Personalities behind the civil rights movement

The Civil Rights Movement was primarily due to discrimination and racism against the African-Americans. It aimed at granting full civil and political rights and equality to all the Americans, regardless of race. This article looks into the earlier phase (1896-1954) of the many movements which constitute the Civil Rights Movements.
The Civil Rights Movement would be nothing without the contributions of brave men and women towards the achievement of equal rights. These personalities and leaders made it possible to end slavery, segregation and unfair treatment to the oppressed. Even some of these people were victims themselves who struggled for freedom and justice.
These leaders include: Mary McLeod Bethune, John Brown, Linda Brown, Ruby Bridges, Frederick Douglass, Medgar Evers, Marcus Garvey, Jesse Jackson, John F. Kennedy, Martin Luther King, Jr., Abraham Lincoln, Rosa Parks, Homer Plessy, Dred Scott, Sojourner Truth, Nat Turner, Harrit Tubman and Malcolm X.

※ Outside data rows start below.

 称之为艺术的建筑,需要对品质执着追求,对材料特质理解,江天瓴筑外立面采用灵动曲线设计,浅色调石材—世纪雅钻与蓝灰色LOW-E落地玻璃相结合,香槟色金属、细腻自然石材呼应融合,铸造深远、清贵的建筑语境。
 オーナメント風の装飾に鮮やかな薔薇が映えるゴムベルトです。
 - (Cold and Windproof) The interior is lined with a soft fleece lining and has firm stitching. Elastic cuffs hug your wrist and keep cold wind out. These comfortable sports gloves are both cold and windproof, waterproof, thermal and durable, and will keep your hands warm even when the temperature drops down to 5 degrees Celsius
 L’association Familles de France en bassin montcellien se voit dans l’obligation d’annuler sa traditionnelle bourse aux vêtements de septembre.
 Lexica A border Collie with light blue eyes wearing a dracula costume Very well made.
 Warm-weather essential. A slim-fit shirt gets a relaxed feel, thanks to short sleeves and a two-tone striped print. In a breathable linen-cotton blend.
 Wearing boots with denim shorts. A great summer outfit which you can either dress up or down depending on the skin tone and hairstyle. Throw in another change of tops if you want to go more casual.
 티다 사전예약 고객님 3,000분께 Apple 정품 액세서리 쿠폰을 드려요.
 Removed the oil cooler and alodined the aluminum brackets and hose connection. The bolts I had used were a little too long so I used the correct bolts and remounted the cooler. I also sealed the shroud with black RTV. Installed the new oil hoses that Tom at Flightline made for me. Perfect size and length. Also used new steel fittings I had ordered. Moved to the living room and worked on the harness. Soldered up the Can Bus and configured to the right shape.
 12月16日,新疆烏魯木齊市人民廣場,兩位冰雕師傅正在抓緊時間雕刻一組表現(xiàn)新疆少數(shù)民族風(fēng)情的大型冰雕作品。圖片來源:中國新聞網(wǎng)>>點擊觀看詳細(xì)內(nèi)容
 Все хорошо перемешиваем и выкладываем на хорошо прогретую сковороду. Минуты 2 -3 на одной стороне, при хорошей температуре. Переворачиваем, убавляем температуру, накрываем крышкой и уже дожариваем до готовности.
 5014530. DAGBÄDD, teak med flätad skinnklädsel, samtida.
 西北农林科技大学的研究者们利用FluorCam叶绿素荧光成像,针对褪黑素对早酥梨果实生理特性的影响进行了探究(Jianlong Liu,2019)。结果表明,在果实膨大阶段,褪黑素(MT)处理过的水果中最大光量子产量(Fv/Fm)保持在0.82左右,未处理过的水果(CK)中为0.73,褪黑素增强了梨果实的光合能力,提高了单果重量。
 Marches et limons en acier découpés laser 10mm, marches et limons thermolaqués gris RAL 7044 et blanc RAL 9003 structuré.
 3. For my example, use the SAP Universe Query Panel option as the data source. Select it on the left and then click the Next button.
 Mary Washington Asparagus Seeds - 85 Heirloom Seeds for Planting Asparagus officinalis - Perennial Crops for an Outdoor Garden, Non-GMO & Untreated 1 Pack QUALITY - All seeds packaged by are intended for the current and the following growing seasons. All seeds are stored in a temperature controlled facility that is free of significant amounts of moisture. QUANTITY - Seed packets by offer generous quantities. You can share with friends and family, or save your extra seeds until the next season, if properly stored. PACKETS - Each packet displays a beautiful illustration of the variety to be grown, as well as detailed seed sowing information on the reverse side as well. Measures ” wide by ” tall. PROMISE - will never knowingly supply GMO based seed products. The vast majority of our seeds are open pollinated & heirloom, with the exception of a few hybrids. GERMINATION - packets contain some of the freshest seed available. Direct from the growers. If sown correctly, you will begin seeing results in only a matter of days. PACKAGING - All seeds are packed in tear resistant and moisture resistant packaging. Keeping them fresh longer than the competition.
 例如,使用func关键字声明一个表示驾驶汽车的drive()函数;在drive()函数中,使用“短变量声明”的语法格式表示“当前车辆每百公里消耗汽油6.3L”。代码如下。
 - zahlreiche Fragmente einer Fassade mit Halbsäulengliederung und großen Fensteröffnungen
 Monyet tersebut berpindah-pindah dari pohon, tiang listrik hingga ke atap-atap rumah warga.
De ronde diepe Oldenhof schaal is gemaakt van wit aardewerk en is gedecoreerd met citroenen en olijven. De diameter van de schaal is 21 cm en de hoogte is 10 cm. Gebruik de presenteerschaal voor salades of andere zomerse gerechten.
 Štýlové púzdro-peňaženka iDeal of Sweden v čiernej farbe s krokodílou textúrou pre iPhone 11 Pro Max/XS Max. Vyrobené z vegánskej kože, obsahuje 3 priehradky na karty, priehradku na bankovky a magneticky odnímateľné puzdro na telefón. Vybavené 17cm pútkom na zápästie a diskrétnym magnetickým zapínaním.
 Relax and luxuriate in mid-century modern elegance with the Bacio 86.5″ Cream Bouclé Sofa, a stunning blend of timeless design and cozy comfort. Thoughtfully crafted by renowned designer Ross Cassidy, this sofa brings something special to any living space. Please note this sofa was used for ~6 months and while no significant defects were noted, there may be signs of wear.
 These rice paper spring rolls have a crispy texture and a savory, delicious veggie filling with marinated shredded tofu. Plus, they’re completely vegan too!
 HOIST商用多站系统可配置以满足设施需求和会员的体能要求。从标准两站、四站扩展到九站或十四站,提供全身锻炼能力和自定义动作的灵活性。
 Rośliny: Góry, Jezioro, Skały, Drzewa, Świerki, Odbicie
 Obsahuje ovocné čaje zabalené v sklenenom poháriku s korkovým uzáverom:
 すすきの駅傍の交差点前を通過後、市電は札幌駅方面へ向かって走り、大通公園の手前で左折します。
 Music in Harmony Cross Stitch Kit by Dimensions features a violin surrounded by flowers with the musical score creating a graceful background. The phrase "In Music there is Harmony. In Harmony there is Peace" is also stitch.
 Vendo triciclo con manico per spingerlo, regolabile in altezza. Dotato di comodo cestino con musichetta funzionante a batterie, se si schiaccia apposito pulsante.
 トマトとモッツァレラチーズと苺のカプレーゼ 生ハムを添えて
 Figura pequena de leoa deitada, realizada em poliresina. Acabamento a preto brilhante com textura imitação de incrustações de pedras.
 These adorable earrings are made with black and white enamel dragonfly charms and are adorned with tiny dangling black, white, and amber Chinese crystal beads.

Every one of these leaders has his/her own story to tell, own act of selflessness in order to see the better of the country. Bethune was an African American who became an advisor of the late Franklin D. Roosevelt and created an all black school so that black children can study to have good jobs later on and vote wisely; Brown helped in preventing Kansas from being a slave state and helped slaves in escaping from their captors; Linda Brown became famous for fighting the Board of Education of Topeka to help give all black children a good education; Bridges helped in ending segregation in her school.
Douglass, once a slave, helped children to read and write and fought for freedom through the speeches he gave; Evers also fought for equality for the blacks in Mississippi; Garvey started the Back to America Movement, meant to help blacks me treated right; Jackson, one of the greatest Civil Rights leader, was the second black American to run for presidency, which he believed was a key to getting more political power for the blacks; and Lincoln played a big role by issuing the Emancipation Proclamation, which was a declaration of freedom for all slaves.
These were just some of those who have great contributions during the Civil Rights Movement. Their primary goal, among others, was to see that every American has equal rights regardless of race or color. To do this, not just whites but blacks must be allowed to have education or to go to an all-whites school. This was important for the blacks because it is one ticket to a good job and future. Achieving this also shows equality in education between blacks and whites.
The leaders also fought for the eradication of poverty among the blacks. During those times, their only purpose was being slaves to richer people in their own state. They have no right for freedom, for good jobs around the neighborhood, and for all the good things whites enjoy. The leaders have wanted economic independence for all.
Another thing they saw worth fighting for was their right to vote. Many black persons were killed brutally just for encouraging blacks to vote. The whites see this as an insult to them because they think that the blacks have no business dealing with political activities.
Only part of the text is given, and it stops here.